▶ **Task brief**:
Beginning with the line containing "Stolní lampička, LED, 7W, 300lm, stmívatelná, Qi" and ending at the last line of the data, set down every line exactly, leaving out all pictures.

▼

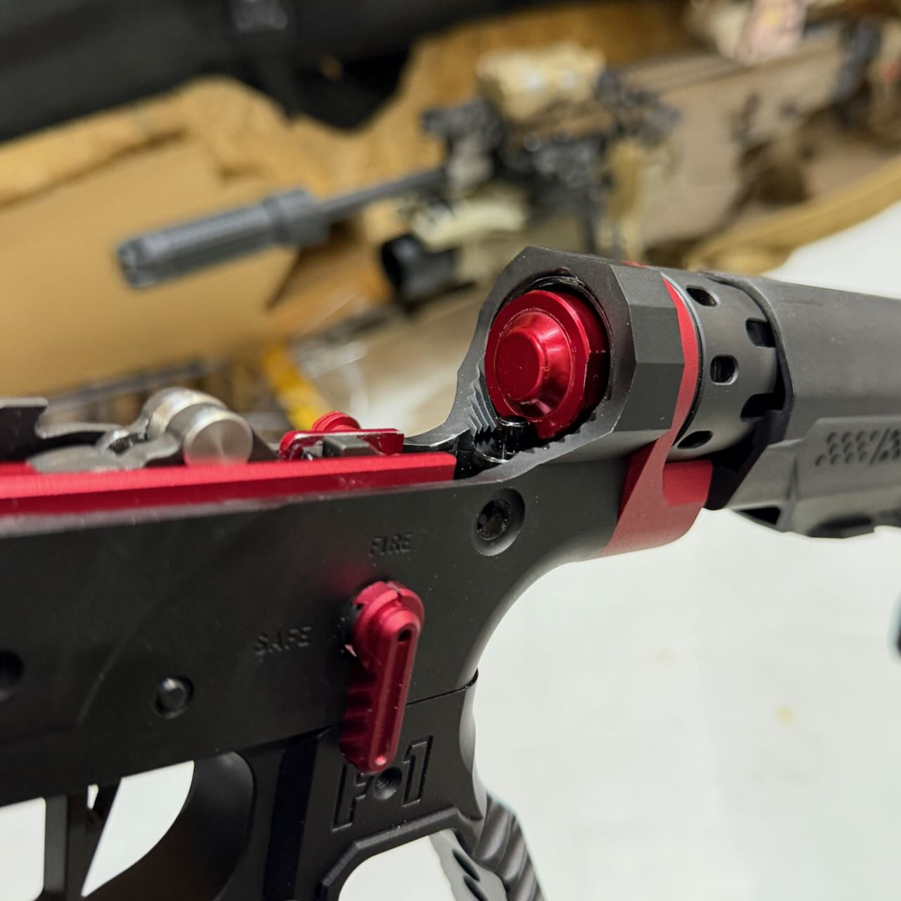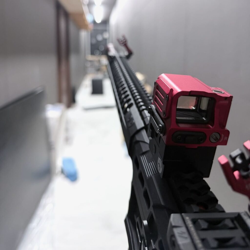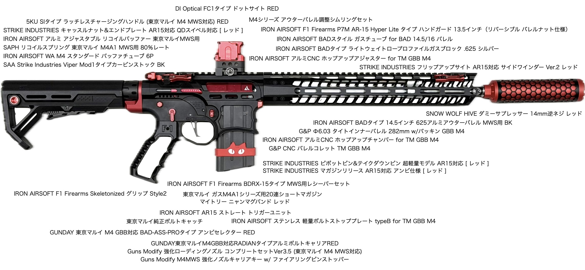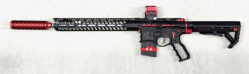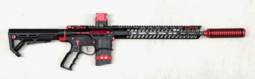 F1 Firearms のスケスケレシーバー、スケスケハンドガード、スケスケグリップを核にしてメタリックレッドをアクセントカラーに競技用・スポーツ用っぽいシュッとしたM4系ライフルが完成。
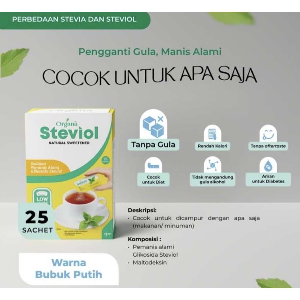 Organa Steviol Natural Sweetener dikemas dengan aluminium foil sehingga kualitasnya lebih terjamin, lebih higienis, dan rasa lebih terjaga.
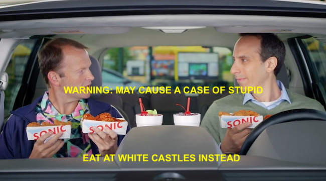 The two moron Sonic customers make me NOT want to go to Sonic. It’s like a warning sign. Caution: May cause mental retardation. Who thought this was a good campaign? Humor only works when It’s funny!
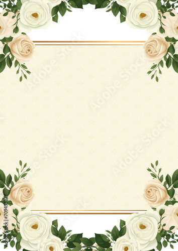© SyahCreation, Fototapeta premium Beige and white vector frame with foliage pattern background with flora and flower
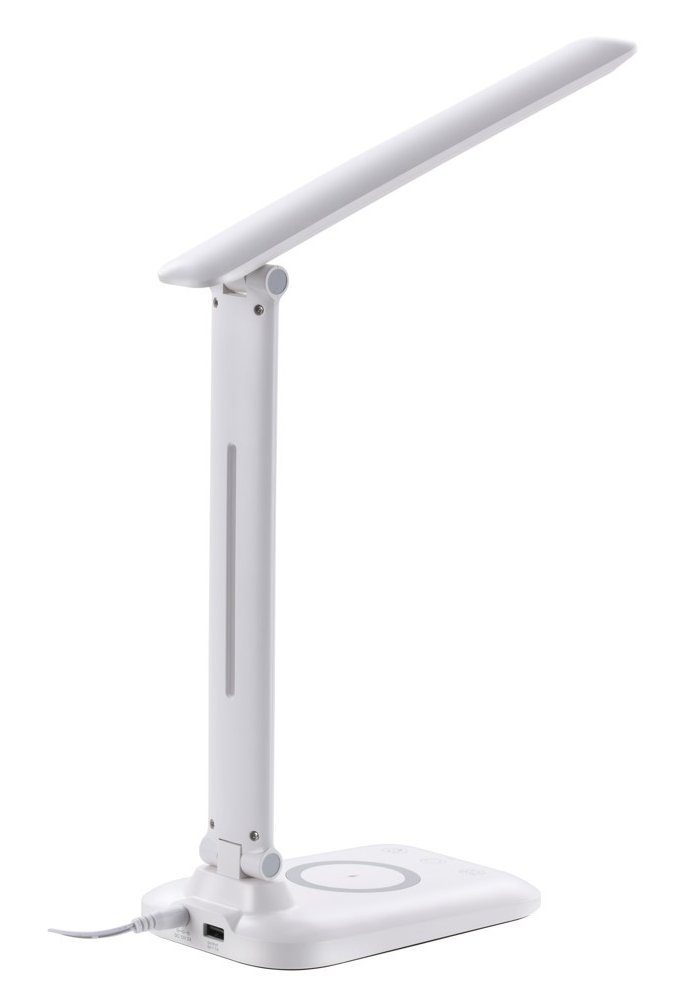 Stolní lampička, LED, 7W, 300lm, stmívatelná, Qi nabíjení, USB výstup 5V/1A, dotykové ovládání, nastavitelné rameno, bílá
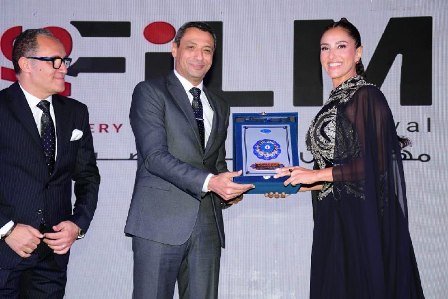 كرم مهرجان VS-FILM للأفلام القصيرة جدا في حفل الافتتاح كل من النجمة هالة صدقى حنان مطاوع وأشرف عبد الباقي ومنتج أفلام الرسوم المتحركة عباس بن العباس.

▲

▶ **Answer for this exercise**:
 Stolní lampička, LED, 7W, 300lm, stmívatelná, Qi nabíjení, USB výstup 5V/1A, dotykové ovládání, nastavitelné rameno, bílá
 كرم مهرجان VS-FILM للأفلام القصيرة جدا في حفل الافتتاح كل من النجمة هالة صدقى حنان مطاوع وأشرف عبد الباقي ومنتج أفلام الرسوم المتحركة عباس بن العباس.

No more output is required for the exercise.